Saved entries
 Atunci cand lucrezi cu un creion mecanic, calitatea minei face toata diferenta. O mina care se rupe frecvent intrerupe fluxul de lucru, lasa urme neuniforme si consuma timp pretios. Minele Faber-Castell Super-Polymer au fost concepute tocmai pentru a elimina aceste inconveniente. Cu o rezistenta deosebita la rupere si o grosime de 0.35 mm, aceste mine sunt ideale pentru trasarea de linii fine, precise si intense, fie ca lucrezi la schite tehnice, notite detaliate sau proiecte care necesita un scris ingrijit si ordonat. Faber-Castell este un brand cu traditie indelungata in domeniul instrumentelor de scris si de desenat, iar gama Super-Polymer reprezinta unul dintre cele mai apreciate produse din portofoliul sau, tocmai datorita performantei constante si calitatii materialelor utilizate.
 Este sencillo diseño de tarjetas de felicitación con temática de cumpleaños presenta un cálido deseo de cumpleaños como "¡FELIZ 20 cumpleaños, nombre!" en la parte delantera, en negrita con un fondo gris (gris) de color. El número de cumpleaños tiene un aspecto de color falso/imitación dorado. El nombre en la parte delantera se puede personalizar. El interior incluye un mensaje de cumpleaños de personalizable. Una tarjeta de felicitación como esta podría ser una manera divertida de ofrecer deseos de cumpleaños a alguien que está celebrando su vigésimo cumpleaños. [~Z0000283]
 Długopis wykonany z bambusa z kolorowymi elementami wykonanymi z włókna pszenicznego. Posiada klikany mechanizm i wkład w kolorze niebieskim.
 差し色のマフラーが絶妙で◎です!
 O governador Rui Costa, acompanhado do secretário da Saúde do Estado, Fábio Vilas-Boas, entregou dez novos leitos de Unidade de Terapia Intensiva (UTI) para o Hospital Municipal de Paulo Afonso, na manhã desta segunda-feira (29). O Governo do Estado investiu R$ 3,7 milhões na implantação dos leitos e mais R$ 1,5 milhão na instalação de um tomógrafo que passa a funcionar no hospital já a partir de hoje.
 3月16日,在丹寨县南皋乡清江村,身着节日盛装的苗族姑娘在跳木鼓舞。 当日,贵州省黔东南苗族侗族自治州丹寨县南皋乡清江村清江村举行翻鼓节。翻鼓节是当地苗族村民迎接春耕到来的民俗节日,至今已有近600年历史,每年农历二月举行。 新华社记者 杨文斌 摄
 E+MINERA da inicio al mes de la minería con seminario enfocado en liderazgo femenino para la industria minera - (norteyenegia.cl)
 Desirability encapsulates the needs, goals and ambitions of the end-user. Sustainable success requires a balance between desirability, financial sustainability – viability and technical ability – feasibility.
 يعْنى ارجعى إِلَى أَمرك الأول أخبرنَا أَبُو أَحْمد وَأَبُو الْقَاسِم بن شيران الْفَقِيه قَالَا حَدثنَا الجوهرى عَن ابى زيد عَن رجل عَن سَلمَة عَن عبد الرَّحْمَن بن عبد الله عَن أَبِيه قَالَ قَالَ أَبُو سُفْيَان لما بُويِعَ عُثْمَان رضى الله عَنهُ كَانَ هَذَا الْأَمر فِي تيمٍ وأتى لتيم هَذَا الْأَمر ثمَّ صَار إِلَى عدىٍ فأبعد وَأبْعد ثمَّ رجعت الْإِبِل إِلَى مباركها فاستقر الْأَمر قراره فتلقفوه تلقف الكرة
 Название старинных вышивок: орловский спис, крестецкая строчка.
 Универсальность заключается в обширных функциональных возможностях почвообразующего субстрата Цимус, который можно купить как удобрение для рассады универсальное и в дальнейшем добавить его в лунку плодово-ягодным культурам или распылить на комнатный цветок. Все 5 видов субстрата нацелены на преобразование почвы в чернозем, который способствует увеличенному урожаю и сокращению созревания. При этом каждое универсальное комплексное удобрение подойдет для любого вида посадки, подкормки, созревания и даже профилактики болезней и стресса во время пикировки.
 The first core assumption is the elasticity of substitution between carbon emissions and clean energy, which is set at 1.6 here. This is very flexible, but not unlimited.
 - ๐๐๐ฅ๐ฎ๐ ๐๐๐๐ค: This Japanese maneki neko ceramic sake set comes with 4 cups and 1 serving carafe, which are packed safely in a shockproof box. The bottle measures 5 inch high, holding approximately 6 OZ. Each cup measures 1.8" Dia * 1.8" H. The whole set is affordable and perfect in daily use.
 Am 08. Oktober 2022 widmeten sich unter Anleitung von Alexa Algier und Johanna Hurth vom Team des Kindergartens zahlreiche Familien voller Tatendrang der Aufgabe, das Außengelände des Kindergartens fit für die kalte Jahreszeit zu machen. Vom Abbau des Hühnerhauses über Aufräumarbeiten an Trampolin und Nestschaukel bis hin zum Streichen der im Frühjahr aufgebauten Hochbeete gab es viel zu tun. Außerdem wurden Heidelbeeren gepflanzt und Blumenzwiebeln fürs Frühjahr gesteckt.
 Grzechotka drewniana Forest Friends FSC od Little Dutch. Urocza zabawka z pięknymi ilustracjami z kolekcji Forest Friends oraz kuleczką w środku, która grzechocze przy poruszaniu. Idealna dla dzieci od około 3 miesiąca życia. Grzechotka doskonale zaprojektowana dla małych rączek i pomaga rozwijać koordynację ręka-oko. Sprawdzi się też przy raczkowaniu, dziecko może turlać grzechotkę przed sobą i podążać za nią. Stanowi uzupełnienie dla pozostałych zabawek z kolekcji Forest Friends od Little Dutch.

◆ **Problem**:
Starting at the first line of the entries above, please extract each line up to and including the line with "新华社记者 杨文斌 摄", unchanged, and add nothing.

◆ **Solution to the problem**:
 Atunci cand lucrezi cu un creion mecanic, calitatea minei face toata diferenta. O mina care se rupe frecvent intrerupe fluxul de lucru, lasa urme neuniforme si consuma timp pretios. Minele Faber-Castell Super-Polymer au fost concepute tocmai pentru a elimina aceste inconveniente. Cu o rezistenta deosebita la rupere si o grosime de 0.35 mm, aceste mine sunt ideale pentru trasarea de linii fine, precise si intense, fie ca lucrezi la schite tehnice, notite detaliate sau proiecte care necesita un scris ingrijit si ordonat. Faber-Castell este un brand cu traditie indelungata in domeniul instrumentelor de scris si de desenat, iar gama Super-Polymer reprezinta unul dintre cele mai apreciate produse din portofoliul sau, tocmai datorita performantei constante si calitatii materialelor utilizate.
 Este sencillo diseño de tarjetas de felicitación con temática de cumpleaños presenta un cálido deseo de cumpleaños como "¡FELIZ 20 cumpleaños, nombre!" en la parte delantera, en negrita con un fondo gris (gris) de color. El número de cumpleaños tiene un aspecto de color falso/imitación dorado. El nombre en la parte delantera se puede personalizar. El interior incluye un mensaje de cumpleaños de personalizable. Una tarjeta de felicitación como esta podría ser una manera divertida de ofrecer deseos de cumpleaños a alguien que está celebrando su vigésimo cumpleaños. [~Z0000283]
 Długopis wykonany z bambusa z kolorowymi elementami wykonanymi z włókna pszenicznego. Posiada klikany mechanizm i wkład w kolorze niebieskim.
 差し色のマフラーが絶妙で◎です!
 O governador Rui Costa, acompanhado do secretário da Saúde do Estado, Fábio Vilas-Boas, entregou dez novos leitos de Unidade de Terapia Intensiva (UTI) para o Hospital Municipal de Paulo Afonso, na manhã desta segunda-feira (29). O Governo do Estado investiu R$ 3,7 milhões na implantação dos leitos e mais R$ 1,5 milhão na instalação de um tomógrafo que passa a funcionar no hospital já a partir de hoje.
 3月16日,在丹寨县南皋乡清江村,身着节日盛装的苗族姑娘在跳木鼓舞。 当日,贵州省黔东南苗族侗族自治州丹寨县南皋乡清江村清江村举行翻鼓节。翻鼓节是当地苗族村民迎接春耕到来的民俗节日,至今已有近600年历史,每年农历二月举行。 新华社记者 杨文斌 摄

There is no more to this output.